#### Exercise goal:
Output each entry that follows exactly. Images stay out.

[Collected data]
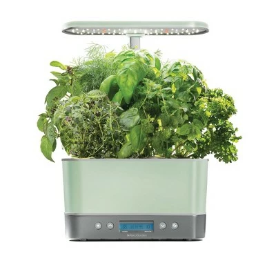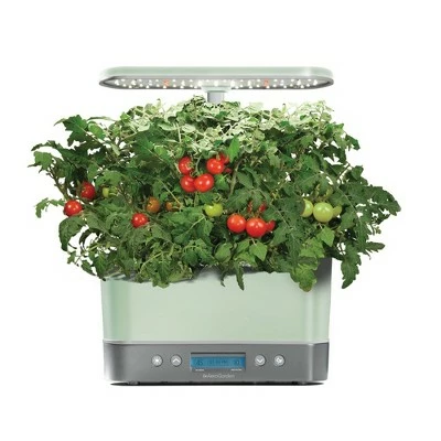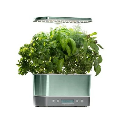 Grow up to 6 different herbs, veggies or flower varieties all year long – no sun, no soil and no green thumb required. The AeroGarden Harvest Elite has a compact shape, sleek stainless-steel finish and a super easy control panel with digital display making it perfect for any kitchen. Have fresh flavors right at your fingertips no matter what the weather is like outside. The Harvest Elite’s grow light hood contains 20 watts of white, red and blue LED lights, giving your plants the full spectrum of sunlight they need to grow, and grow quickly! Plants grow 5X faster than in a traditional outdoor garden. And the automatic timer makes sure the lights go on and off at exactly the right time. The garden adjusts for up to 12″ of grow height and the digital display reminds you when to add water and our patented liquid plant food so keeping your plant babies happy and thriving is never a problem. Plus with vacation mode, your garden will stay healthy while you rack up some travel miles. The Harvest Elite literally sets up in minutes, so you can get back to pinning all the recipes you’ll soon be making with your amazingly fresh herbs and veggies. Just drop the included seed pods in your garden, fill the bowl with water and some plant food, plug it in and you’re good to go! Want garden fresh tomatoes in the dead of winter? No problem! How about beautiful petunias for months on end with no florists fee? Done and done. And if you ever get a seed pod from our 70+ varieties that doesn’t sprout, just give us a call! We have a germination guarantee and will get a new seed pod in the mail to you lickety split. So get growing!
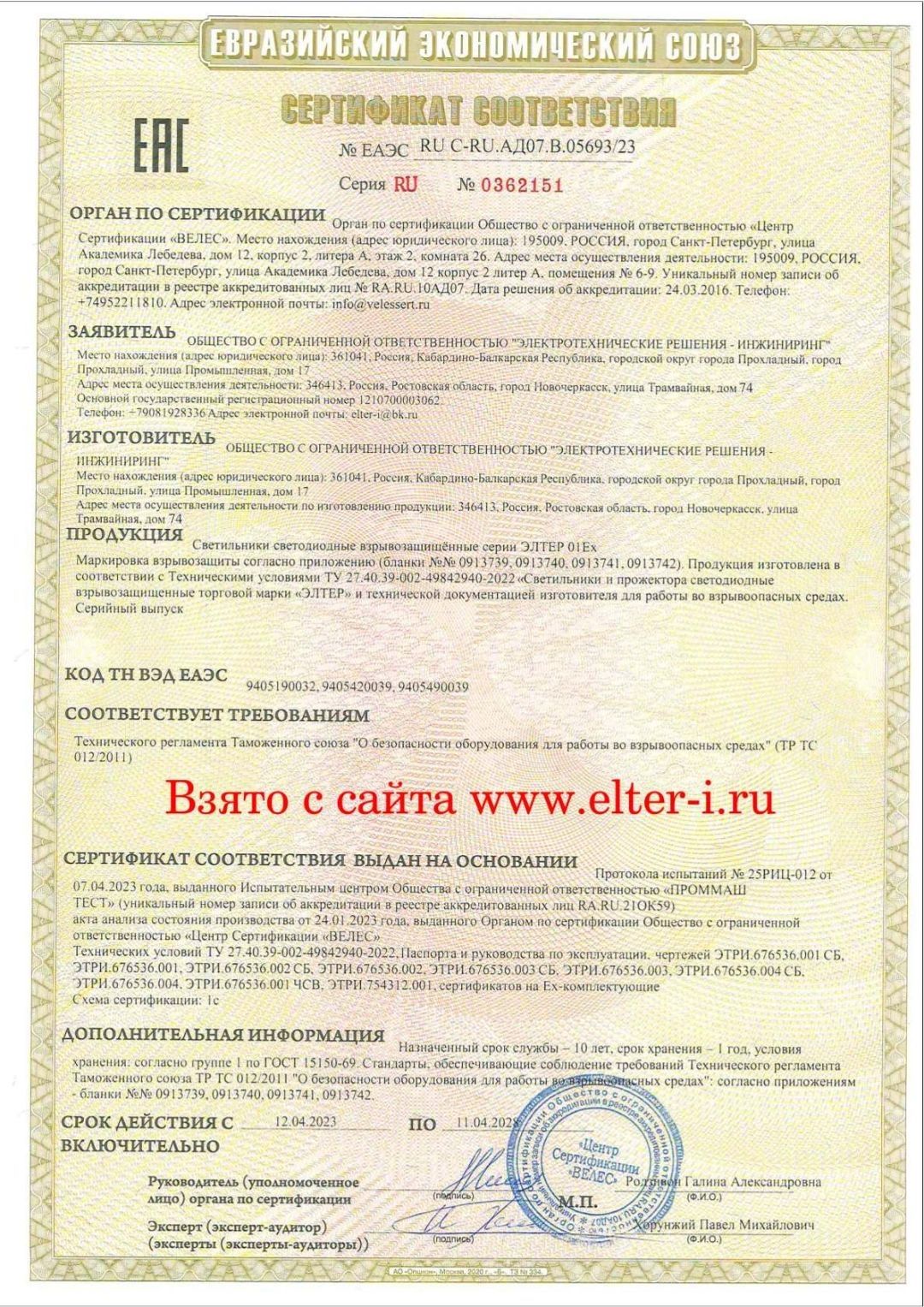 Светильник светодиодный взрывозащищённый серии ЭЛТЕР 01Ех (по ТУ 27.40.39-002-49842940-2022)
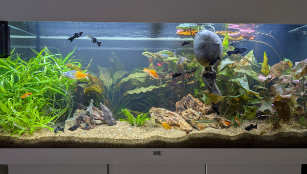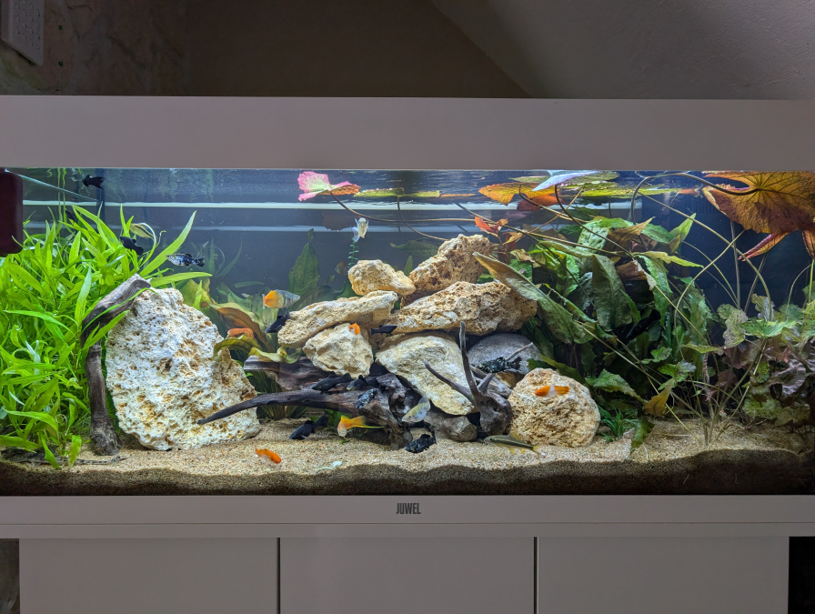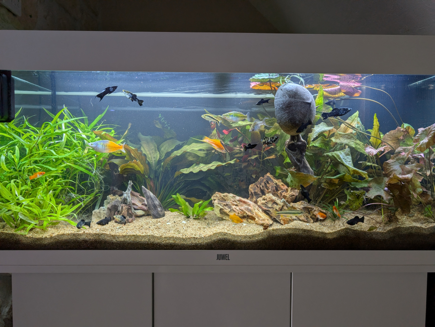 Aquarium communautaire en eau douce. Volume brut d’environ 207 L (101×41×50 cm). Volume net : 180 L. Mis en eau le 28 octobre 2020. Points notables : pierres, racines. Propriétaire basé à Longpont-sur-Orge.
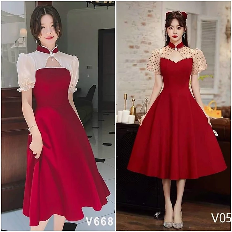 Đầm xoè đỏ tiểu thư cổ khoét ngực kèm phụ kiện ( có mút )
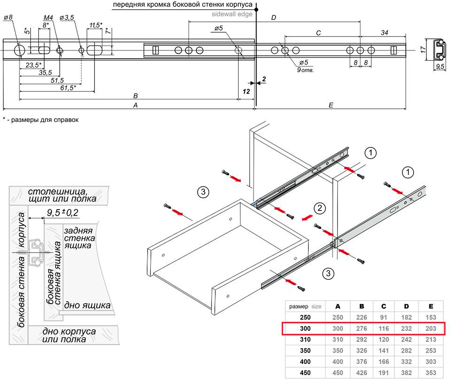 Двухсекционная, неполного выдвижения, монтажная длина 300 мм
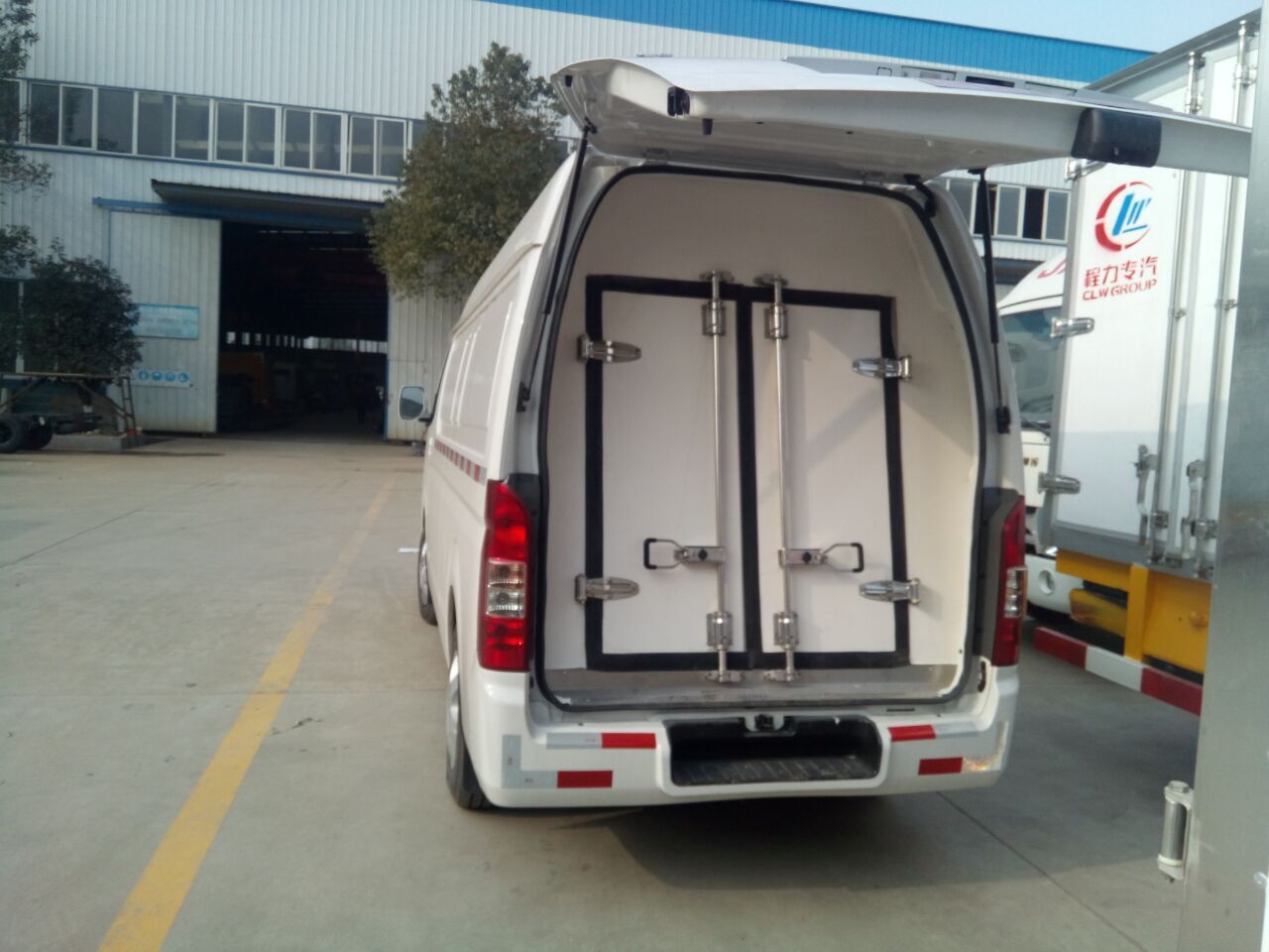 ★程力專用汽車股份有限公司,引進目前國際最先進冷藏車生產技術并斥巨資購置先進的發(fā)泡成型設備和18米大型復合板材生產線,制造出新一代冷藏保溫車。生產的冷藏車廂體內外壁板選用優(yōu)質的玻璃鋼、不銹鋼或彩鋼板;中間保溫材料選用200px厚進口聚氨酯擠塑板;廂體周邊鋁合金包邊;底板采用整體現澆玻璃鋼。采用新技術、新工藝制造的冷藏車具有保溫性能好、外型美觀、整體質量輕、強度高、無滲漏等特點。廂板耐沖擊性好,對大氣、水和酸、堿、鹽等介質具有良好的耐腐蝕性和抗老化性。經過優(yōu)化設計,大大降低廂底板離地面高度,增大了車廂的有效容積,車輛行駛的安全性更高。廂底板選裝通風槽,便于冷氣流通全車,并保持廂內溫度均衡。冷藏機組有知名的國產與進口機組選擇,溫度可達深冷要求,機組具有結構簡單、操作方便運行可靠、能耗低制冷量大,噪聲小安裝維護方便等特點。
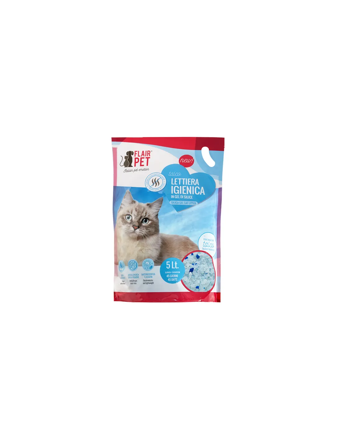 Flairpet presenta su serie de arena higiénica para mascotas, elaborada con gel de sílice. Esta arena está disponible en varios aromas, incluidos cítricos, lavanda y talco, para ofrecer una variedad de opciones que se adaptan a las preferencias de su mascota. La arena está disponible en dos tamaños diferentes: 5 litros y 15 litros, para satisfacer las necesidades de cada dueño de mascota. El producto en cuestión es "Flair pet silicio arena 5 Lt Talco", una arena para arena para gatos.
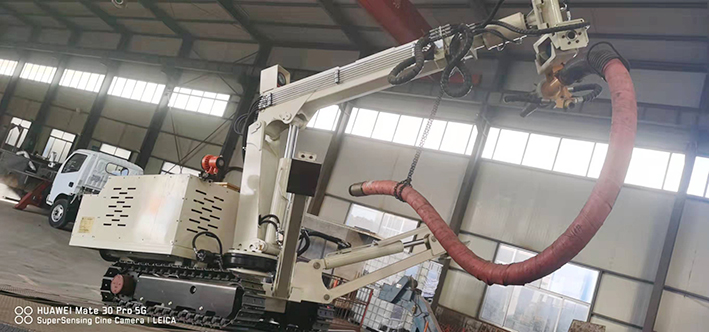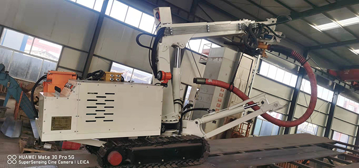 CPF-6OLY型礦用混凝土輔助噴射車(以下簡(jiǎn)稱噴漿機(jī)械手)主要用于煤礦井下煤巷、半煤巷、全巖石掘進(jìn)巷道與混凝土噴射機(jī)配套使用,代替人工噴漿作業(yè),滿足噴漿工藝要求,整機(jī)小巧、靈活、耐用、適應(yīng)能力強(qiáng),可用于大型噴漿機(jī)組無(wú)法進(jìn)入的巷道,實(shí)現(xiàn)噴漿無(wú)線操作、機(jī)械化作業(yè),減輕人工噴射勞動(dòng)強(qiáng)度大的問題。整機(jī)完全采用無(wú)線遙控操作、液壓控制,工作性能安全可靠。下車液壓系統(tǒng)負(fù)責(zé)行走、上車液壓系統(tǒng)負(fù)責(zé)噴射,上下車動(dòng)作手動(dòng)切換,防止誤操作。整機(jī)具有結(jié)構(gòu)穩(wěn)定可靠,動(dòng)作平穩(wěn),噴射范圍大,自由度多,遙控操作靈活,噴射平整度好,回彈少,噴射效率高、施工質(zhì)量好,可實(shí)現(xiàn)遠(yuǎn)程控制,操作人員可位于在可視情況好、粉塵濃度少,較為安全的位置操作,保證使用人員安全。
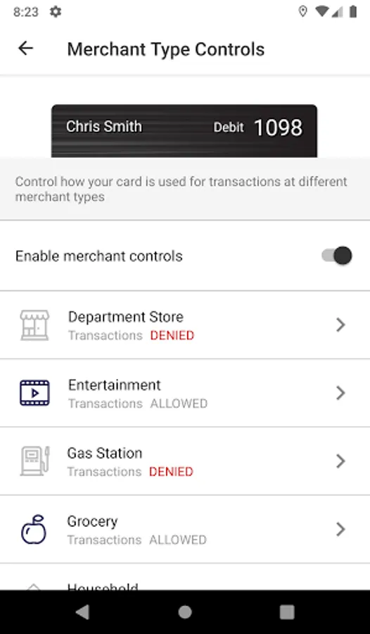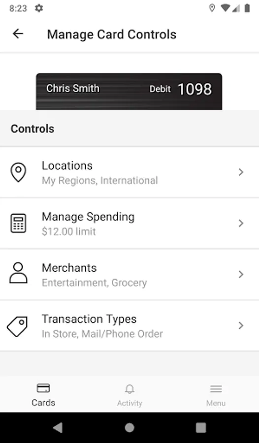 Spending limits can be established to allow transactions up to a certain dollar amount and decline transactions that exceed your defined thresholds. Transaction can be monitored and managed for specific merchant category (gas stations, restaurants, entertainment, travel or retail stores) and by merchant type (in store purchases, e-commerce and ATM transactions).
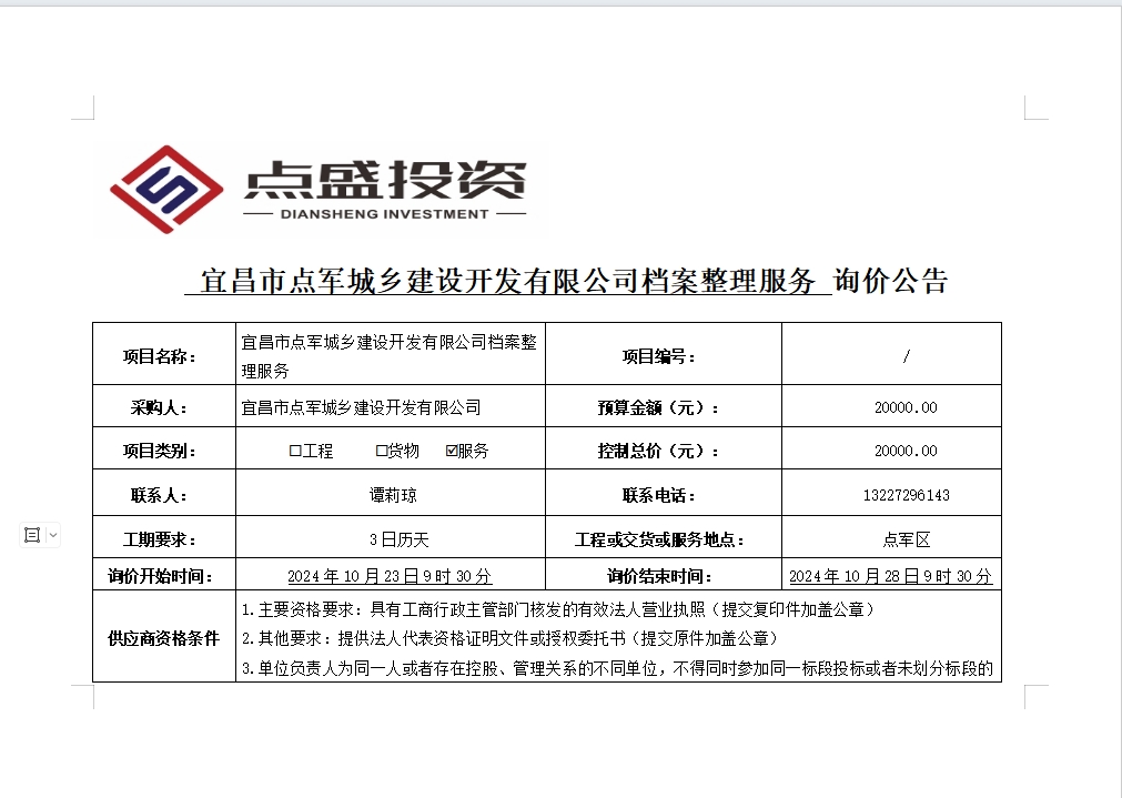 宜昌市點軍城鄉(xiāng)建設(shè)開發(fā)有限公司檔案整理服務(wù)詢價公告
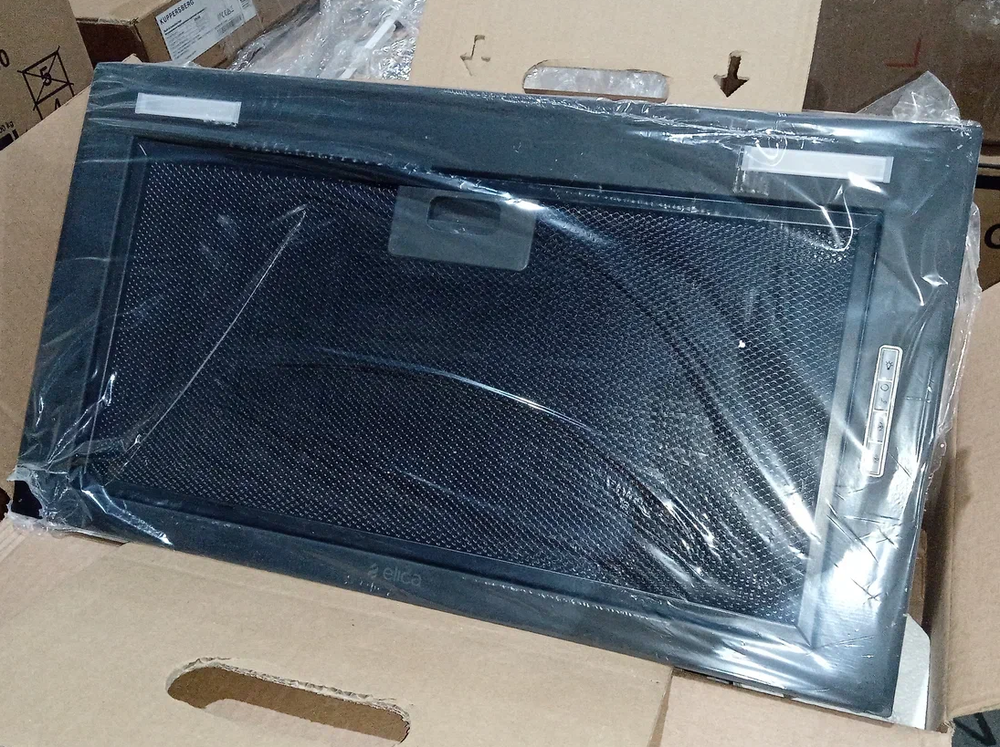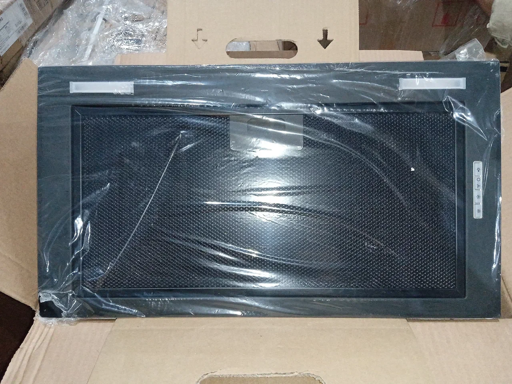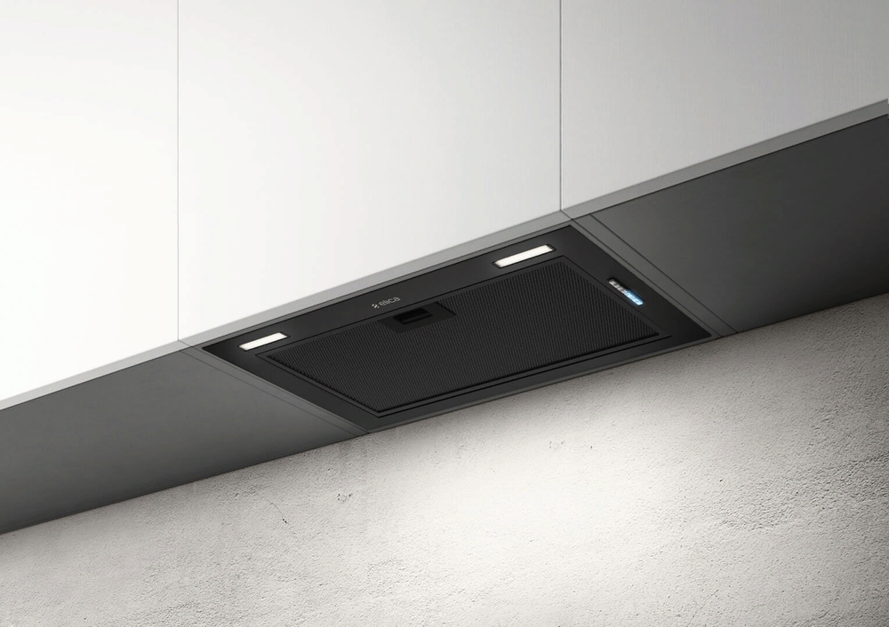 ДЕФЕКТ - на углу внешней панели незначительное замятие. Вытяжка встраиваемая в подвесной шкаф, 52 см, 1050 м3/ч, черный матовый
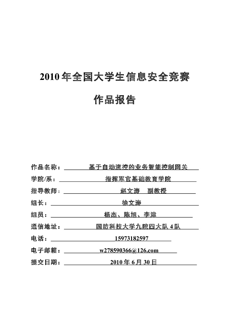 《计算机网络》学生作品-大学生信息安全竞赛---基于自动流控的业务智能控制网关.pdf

#### Response:
 Grow up to 6 different herbs, veggies or flower varieties all year long – no sun, no soil and no green thumb required. The AeroGarden Harvest Elite has a compact shape, sleek stainless-steel finish and a super easy control panel with digital display making it perfect for any kitchen. Have fresh flavors right at your fingertips no matter what the weather is like outside. The Harvest Elite’s grow light hood contains 20 watts of white, red and blue LED lights, giving your plants the full spectrum of sunlight they need to grow, and grow quickly! Plants grow 5X faster than in a traditional outdoor garden. And the automatic timer makes sure the lights go on and off at exactly the right time. The garden adjusts for up to 12″ of grow height and the digital display reminds you when to add water and our patented liquid plant food so keeping your plant babies happy and thriving is never a problem. Plus with vacation mode, your garden will stay healthy while you rack up some travel miles. The Harvest Elite literally sets up in minutes, so you can get back to pinning all the recipes you’ll soon be making with your amazingly fresh herbs and veggies. Just drop the included seed pods in your garden, fill the bowl with water and some plant food, plug it in and you’re good to go! Want garden fresh tomatoes in the dead of winter? No problem! How about beautiful petunias for months on end with no florists fee? Done and done. And if you ever get a seed pod from our 70+ varieties that doesn’t sprout, just give us a call! We have a germination guarantee and will get a new seed pod in the mail to you lickety split. So get growing!
 Светильник светодиодный взрывозащищённый серии ЭЛТЕР 01Ех (по ТУ 27.40.39-002-49842940-2022)
 Aquarium communautaire en eau douce. Volume brut d’environ 207 L (101×41×50 cm). Volume net : 180 L. Mis en eau le 28 octobre 2020. Points notables : pierres, racines. Propriétaire basé à Longpont-sur-Orge.
 Đầm xoè đỏ tiểu thư cổ khoét ngực kèm phụ kiện ( có mút )
 Двухсекционная, неполного выдвижения, монтажная длина 300 мм
 ★程力專用汽車股份有限公司,引進目前國際最先進冷藏車生產技術并斥巨資購置先進的發(fā)泡成型設備和18米大型復合板材生產線,制造出新一代冷藏保溫車。生產的冷藏車廂體內外壁板選用優(yōu)質的玻璃鋼、不銹鋼或彩鋼板;中間保溫材料選用200px厚進口聚氨酯擠塑板;廂體周邊鋁合金包邊;底板采用整體現澆玻璃鋼。采用新技術、新工藝制造的冷藏車具有保溫性能好、外型美觀、整體質量輕、強度高、無滲漏等特點。廂板耐沖擊性好,對大氣、水和酸、堿、鹽等介質具有良好的耐腐蝕性和抗老化性。經過優(yōu)化設計,大大降低廂底板離地面高度,增大了車廂的有效容積,車輛行駛的安全性更高。廂底板選裝通風槽,便于冷氣流通全車,并保持廂內溫度均衡。冷藏機組有知名的國產與進口機組選擇,溫度可達深冷要求,機組具有結構簡單、操作方便運行可靠、能耗低制冷量大,噪聲小安裝維護方便等特點。
 Flairpet presenta su serie de arena higiénica para mascotas, elaborada con gel de sílice. Esta arena está disponible en varios aromas, incluidos cítricos, lavanda y talco, para ofrecer una variedad de opciones que se adaptan a las preferencias de su mascota. La arena está disponible en dos tamaños diferentes: 5 litros y 15 litros, para satisfacer las necesidades de cada dueño de mascota. El producto en cuestión es "Flair pet silicio arena 5 Lt Talco", una arena para arena para gatos.
 CPF-6OLY型礦用混凝土輔助噴射車(以下簡(jiǎn)稱噴漿機(jī)械手)主要用于煤礦井下煤巷、半煤巷、全巖石掘進(jìn)巷道與混凝土噴射機(jī)配套使用,代替人工噴漿作業(yè),滿足噴漿工藝要求,整機(jī)小巧、靈活、耐用、適應(yīng)能力強(qiáng),可用于大型噴漿機(jī)組無(wú)法進(jìn)入的巷道,實(shí)現(xiàn)噴漿無(wú)線操作、機(jī)械化作業(yè),減輕人工噴射勞動(dòng)強(qiáng)度大的問題。整機(jī)完全采用無(wú)線遙控操作、液壓控制,工作性能安全可靠。下車液壓系統(tǒng)負(fù)責(zé)行走、上車液壓系統(tǒng)負(fù)責(zé)噴射,上下車動(dòng)作手動(dòng)切換,防止誤操作。整機(jī)具有結(jié)構(gòu)穩(wěn)定可靠,動(dòng)作平穩(wěn),噴射范圍大,自由度多,遙控操作靈活,噴射平整度好,回彈少,噴射效率高、施工質(zhì)量好,可實(shí)現(xiàn)遠(yuǎn)程控制,操作人員可位于在可視情況好、粉塵濃度少,較為安全的位置操作,保證使用人員安全。
 Spending limits can be established to allow transactions up to a certain dollar amount and decline transactions that exceed your defined thresholds. Transaction can be monitored and managed for specific merchant category (gas stations, restaurants, entertainment, travel or retail stores) and by merchant type (in store purchases, e-commerce and ATM transactions).
 宜昌市點軍城鄉(xiāng)建設(shè)開發(fā)有限公司檔案整理服務(wù)詢價公告
 ДЕФЕКТ - на углу внешней панели незначительное замятие. Вытяжка встраиваемая в подвесной шкаф, 52 см, 1050 м3/ч, черный матовый
 《计算机网络》学生作品-大学生信息安全竞赛---基于自动流控的业务智能控制网关.pdf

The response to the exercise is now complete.